The memory was the only thing I have changed, so I am very sure that this was the cause ...
Kai-Heng Feng (kaihengfeng) wrote : | #173 |
Lucas,
Do you still have this issue on mainline kernel?
Lucas Zanella (lucaszanella) wrote : | #174 |
I tried the Ubuntu 19.04 installer and I couldn't even install it because of IO errors. Does the installer of Ubuntu 19.04 uses the new kernel?
Lucas Zanella (lucaszanella) wrote : | #175 |
Hi Kai-Heng Feng, I just installed kernel 5.1.1 and the error still happens
Kai-Heng Feng (kaihengfeng) wrote : | #176 |
WinEunuchs2Unix (ricklee518) wrote : | #177 |
I've been using NVMe M.2 Samsung Pro 960 for 18 months and never had a problem.

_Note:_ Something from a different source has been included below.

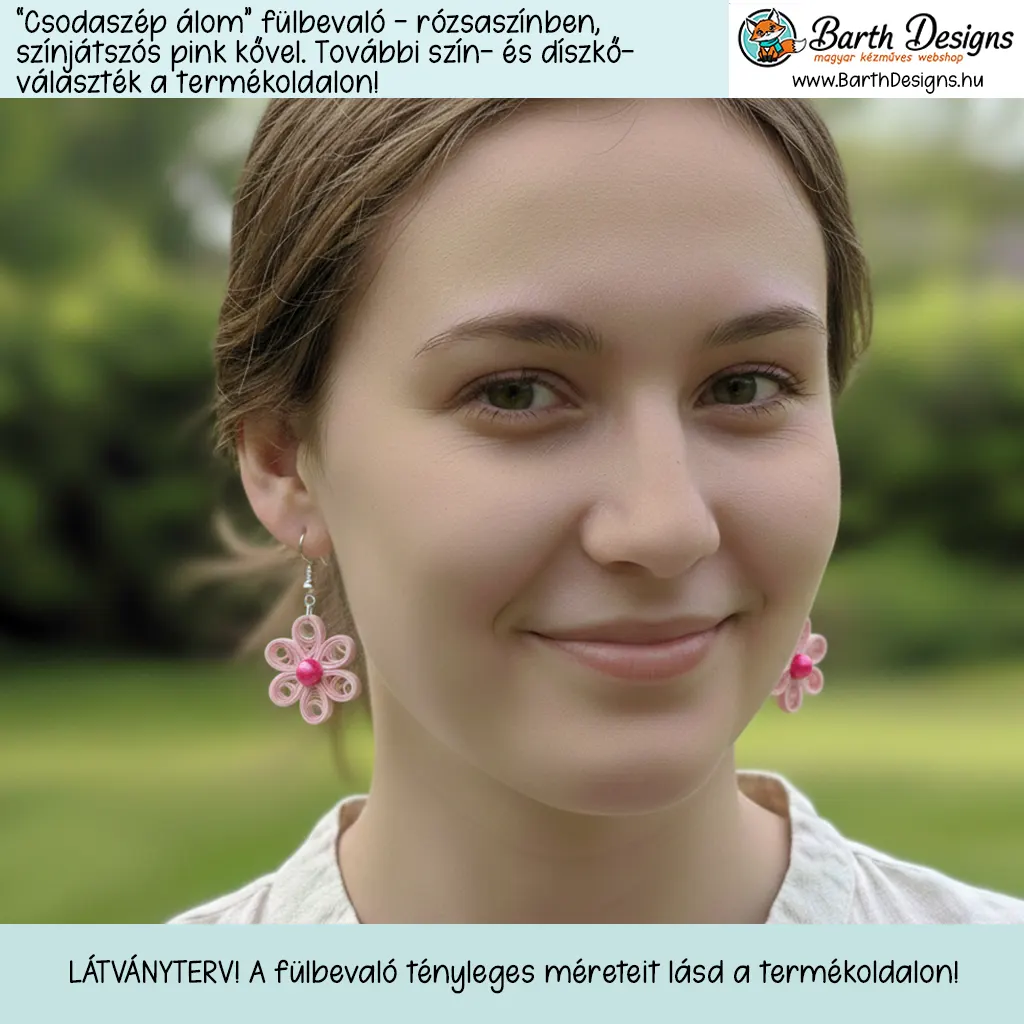 „Csodaszép álom” rózsaszín lógós kézműves virágos fülbevaló – választható kővel

Ubuntu 16.04.6 LTS, Kernel 4.14.114 LTS, Skylake 6700HQ, nVidia 970m
UEFI, GPT, AHCI (Intel Raid off), Secure Boot off
`/etc/fstab`:
UUID=b40b3925-
UUID=D656-F2A8 /boot/efi vfat umask=0077 0 1
UUID=b4512bc6-
`/etc/default/
GRUB_CMDLINE_
I've never had a single fsck error ever. Granted the `grub` boot option `fastboot` means `fsck` is not run on boot but I can check once FS is mounted RW with:
$ sudo fsck -n /dev/nvme0n1p6
fsck from util-linux 2.27.1
e2fsck 1.42.13 (17-May-2015)
Warning! /dev/nvme0n1p6 is mounted.
Warning: skipping journal recovery because doing a read-only filesystem check.
New_Ubuntu_16.04: clean, 712096/2953920 files, 5733245/11829504 blocks
Assuming your `/etc/fstab` is the same, the two important `grub` boot parameters are: `acpiphp.disable=1 pcie_aspm=force`. If memory serves me correct though these were setup for suspend/resume reasons though.
I hope this helps those effected by bug a little but more importantly that people realize the vast majority of NVMe installations work fine in Linux.
Changed in linux (Ubuntu): | |
assignee: | Kai-Heng Feng (kaihengfeng) → nobody |
tags: | added: cscc |
Lucas Zanella (lucaszanella) wrote : | #178 |
Hi, I didn't find the root of the problem, **BUT**...
Using Qubes OS I was able to run for more than 7 days without any problems! It normally would occur in the first hour of usage.
I guess Qubes's Xen drivers proxy the pcie requests and therefore the failing NVME/PCIE drivers aren't used. So it at least shines a light in the problem.
Maybe someone with better understanding of how Xen works can reason about which drivers are being used and which are not and discover the root of the problem!
Juan Carlos Carvajal Bermúdez (jucajuca) wrote : | #179 |
I have exactly the same drive:
/dev/nvme0n1 S444NY0K600040 SAMSUNG MZVLB256HAHQ-00000 1 81.09 GB / 256.06 GB 512 B + 0 B EXD7101Q
and exactly the same problem.
I filled a bug before deactivating AER (pci=noaer)
https:/
Lucas Zanella (lucaszanella) wrote : | #180 |
Hi Juan, what computer you are in?
If you really want to use your computer with linux the only way that it solved for me was to use Qubes OS
trong luu (tronglx) wrote : | #181 |
Hi lucas, i have the same problem. My laptop is matebook x pro 2018 and nvme LITEON CA3-8D512. My working is on linux and it is an unpleasant experience. Currently, when issue occurs, i power off/on my laptop (one times or more) and it can work normally in a few hours. Do you have any another suggest about linux distributions?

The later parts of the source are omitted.